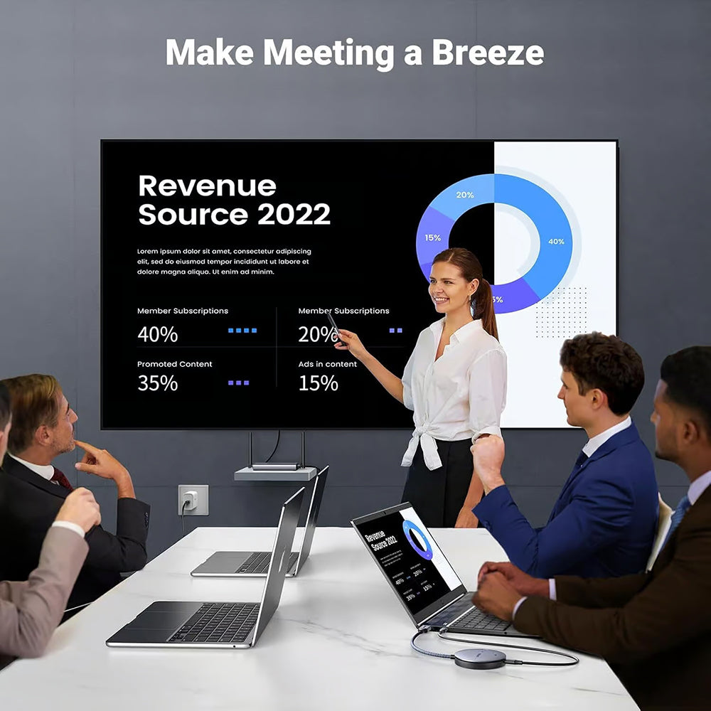 eller hjemmeunderholdning. UGREEN CM586-modellen tilbyr samtidig støtte for HDMI og VGA-utganger, noe som betyr utvidet kompatibilitet med forskjellige
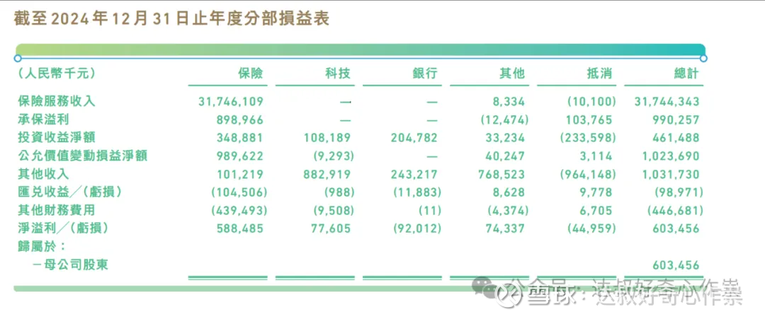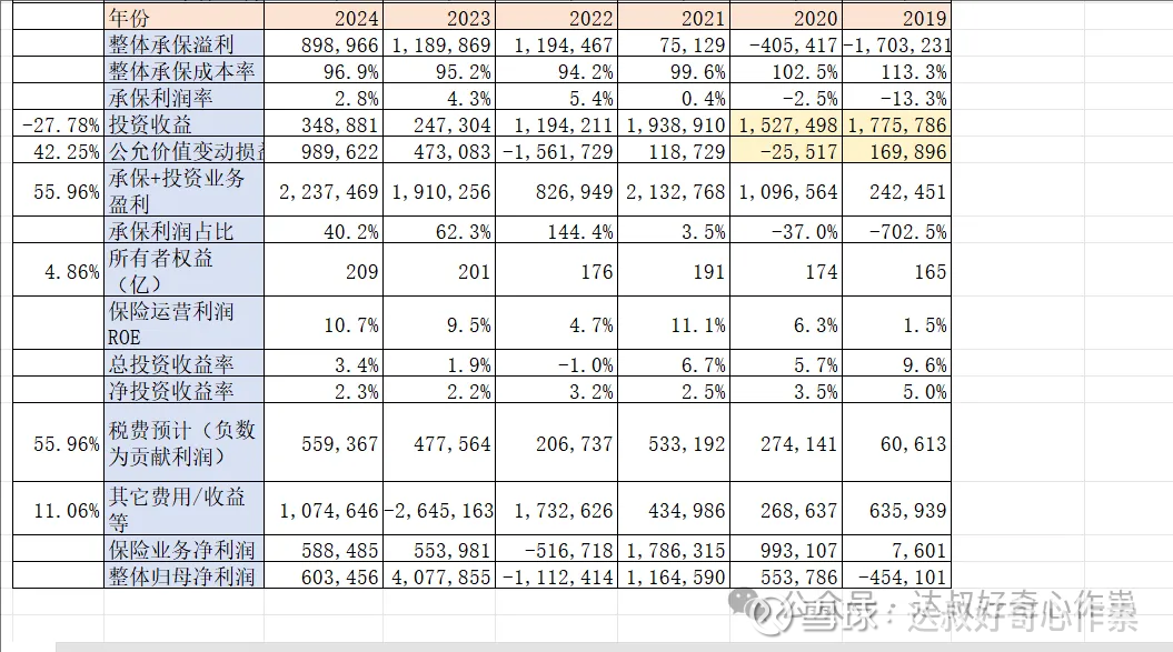 跟中国平安一样,公司整体主要利润还是由保险业务贡献,近3年公司保险业务承保利润也相对稳健,尽管2024年有所下降;而投资业务的收益受资本市场波动影响,一直都不大稳定。国内财产保险行业投资收益贡献险企整体利润大概在50%-70%,而对于美国的险企,投资收益占比高达70%-90%,是承保亏损的“稳定器。近三年众安保险承保利润占比运营利润(承保利润+投资收益+公允价值变动损益)的平均值为82.3%,对应投资业务相关的收益占比低于20%。
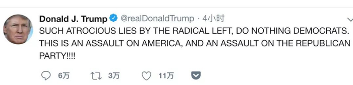 在今天国会弹劾辩论开始前,特朗普总统再次怒发推特。他说:“激进左派如此凶残的谎言,对民主党毫无用处。这是对美国的攻击,是对共和党的攻击!!!!”在推文结尾他连用了四个叹号。
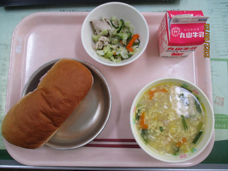 今日の給食は、「ぶたしゃぶサラダ」「中華コーンスープ」「いもっこパン」「牛乳」でした。梅雨に入り、蒸し暑い日が続くようになってきて、食欲が出ないときもあるかと思います。そのような中、熱中症や夏バテしないように十分な栄養補給と睡眠の確保に努めることが大切です。
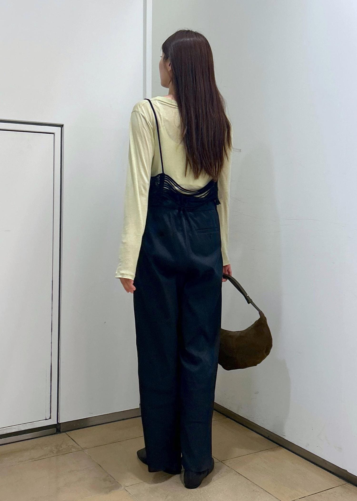 ハイウエストで履いてもらうパンツでバックゴムになっており楽ちんに着用いただけます。
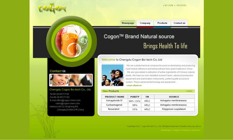 Welcome to Chengdu Cogon Bio-tech Co., Ltd. We are a phytochemical company focused on developing and producing novel herbal reference and herbal extracts from plant material in China. We are specialized in extraction of active ingredients of Chinese natural plants. We have our own validated research team, advanced production equipment and examination instruments, perfect quality assurance system. These advanced technology and equipment support quality multiple products. Guided by the principle of honesty and credibility, we have established good cooperative relationship with many companies. We sincerely like to establish friendly strategic partnerships with the enterprises all over the world for pioneering and market herbal products.
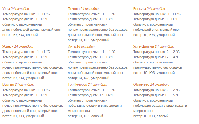 В Сыктывкаре 24 октября облачно с прояснениями. Небольшие осадки в виде дождя и мокрого снега. Ночью и утром туман. Ветер южный, юго-западный 2-7 м/с. Температура ночью 0...+2°С, днем +2...+4°С.
***
> Problem description: Transcribe the listing above exactly, but only from the line with "跟中国平安一样,公司整体主要" through the line with "ハイウエストで履いてもらうパ". Include both of those lines and omit the pictures.

> Finished task:
 跟中国平安一样,公司整体主要利润还是由保险业务贡献,近3年公司保险业务承保利润也相对稳健,尽管2024年有所下降;而投资业务的收益受资本市场波动影响,一直都不大稳定。国内财产保险行业投资收益贡献险企整体利润大概在50%-70%,而对于美国的险企,投资收益占比高达70%-90%,是承保亏损的“稳定器。近三年众安保险承保利润占比运营利润(承保利润+投资收益+公允价值变动损益)的平均值为82.3%,对应投资业务相关的收益占比低于20%。
 在今天国会弹劾辩论开始前,特朗普总统再次怒发推特。他说:“激进左派如此凶残的谎言,对民主党毫无用处。这是对美国的攻击,是对共和党的攻击!!!!”在推文结尾他连用了四个叹号。
 今日の給食は、「ぶたしゃぶサラダ」「中華コーンスープ」「いもっこパン」「牛乳」でした。梅雨に入り、蒸し暑い日が続くようになってきて、食欲が出ないときもあるかと思います。そのような中、熱中症や夏バテしないように十分な栄養補給と睡眠の確保に努めることが大切です。
 ハイウエストで履いてもらうパンツでバックゴムになっており楽ちんに着用いただけます。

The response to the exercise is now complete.